A crack that could create an iceberg the size of Delaware — and destabilize one of the largest ice shelves in the Antarctic — has branched out and begun to widen more quickly, scientists say...
Located on the Larsen C ice shelf, the fourth largest in Antarctica, the new crack is an offshoot of a rupture that gained notice after growing dramatically in 2014. Last year the main crack was forecast to cause the separation of a 1,900-square-mile iceberg within years. The new fissure has turned toward the shelf’s ocean edge, potentially speeding up the iceberg’s process of breaking off.
It’s taking basically a sharp hook toward the calving front.

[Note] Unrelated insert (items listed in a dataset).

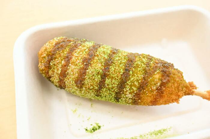 品評会での順位が11位というのが意外なほど美味しい、デザート系ハットグ。抹茶パウダーや黒蜜の風味とハットグ生地の食感が揚げパンにそっくりで、「好きかも!」との声も複数。商品名のとおり、“京都の世界観”が口のなかで広がる逸品だ。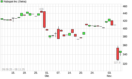 Mit dem Rücksetzer auf 341,40 EUR hat die HubSpot-Aktie (ISIN US4435731009) am 07.11.2025 ein neues 12-Monats-Tief erreicht und damit den Kurs vom 06.11.2025 eingestellt.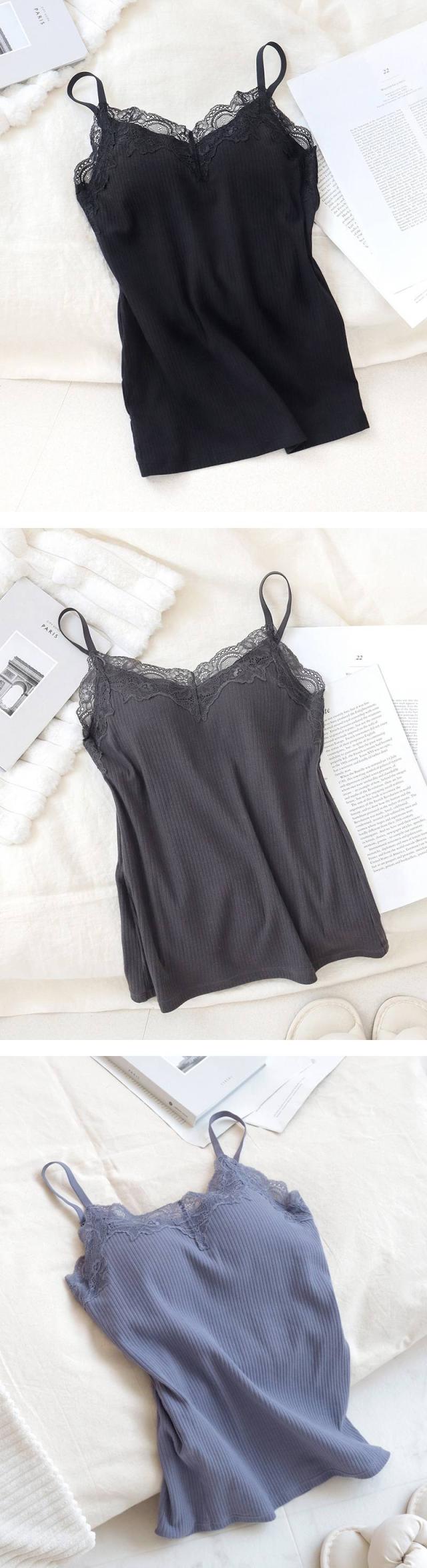 ![]() ノンワイヤー リブレースキャミ/リブキャミ(浅V型) |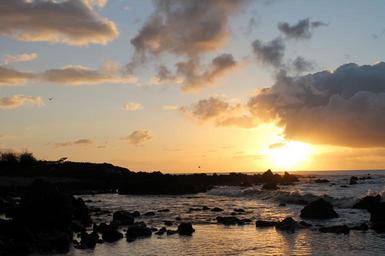 Keywords: hawaii sunrise sandy beach morning dawn sea horizon rocks waves clouds oahu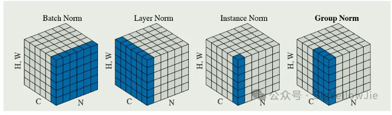 GroupNorm:是LayerNorm和InstanceNorm的折中。将通道(C)分成G个组(Group),然后在单个样本的每个组内,计算所有通道和空间位置的均值和方差。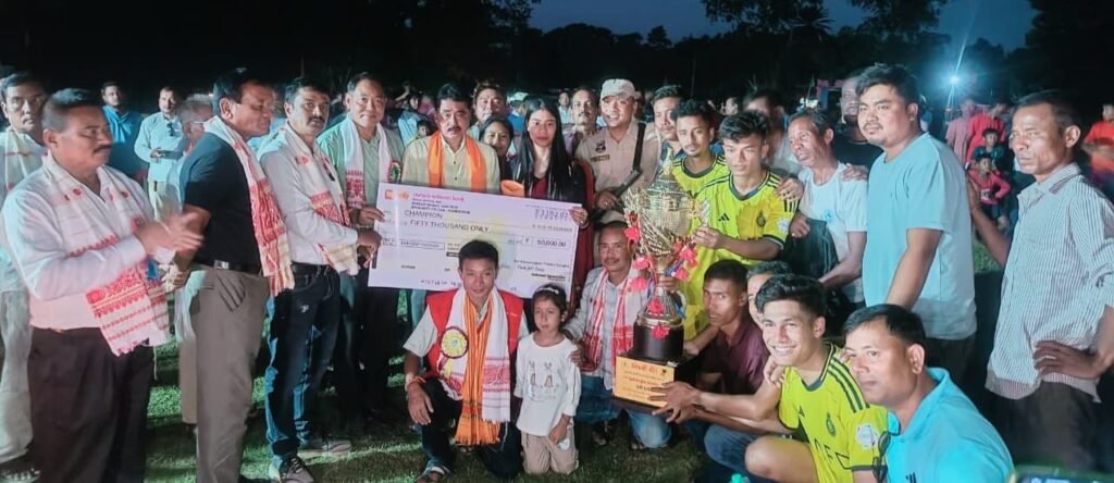 DD TIMES নগাঁও, ২৪ অক্টোবৰঃ মৰিগাঁও জিলাৰ কোঁৱৰগাঁও ত্ৰিবেণী সংঘৰ উদ্যোগত আৰু কোঁৱৰগাঁওবাসী ৰাইজৰ সহযোগত কোঁৱৰগাঁও খেলপথাৰত বৃহস্পতিবাৰে সফলতাৰে সমাপ্তি ঘটা ষষ্ঠ বাৰ্ষিক ত্ৰিবেণী কাপ ফুটবল প্ৰতিযোগিতাত দীঘলবড়ী জে বি এছ এফ চিয়ে চূড়ান্ত বিজয়ী খিতাপ অৰ্জন কৰিছে৷

Dan McGrath, a geophysicist with the U.S. Geological Survey and a project partner with UK-based monitoring group Project Midas, which reported on the new crack on Monday
McGrath, who has studied the shelf extensively, said the combination of the new crack and the faster widening could point to an imminent separation of the berg, even as soon as this summer. The loss of so much ice would shrink the shelf by about 10 percent, leaving it with the smallest area ever recorded. It’s reasonable to link the event and the shrinking ice shelves in Antarctica to global warming, said Richard Alley, a glaciologist at Penn State University who is not connected with the project. An overwhelming majority of scientists say human activity — including the burning of oil, gas and coal — is the main driver of rising global temperatures.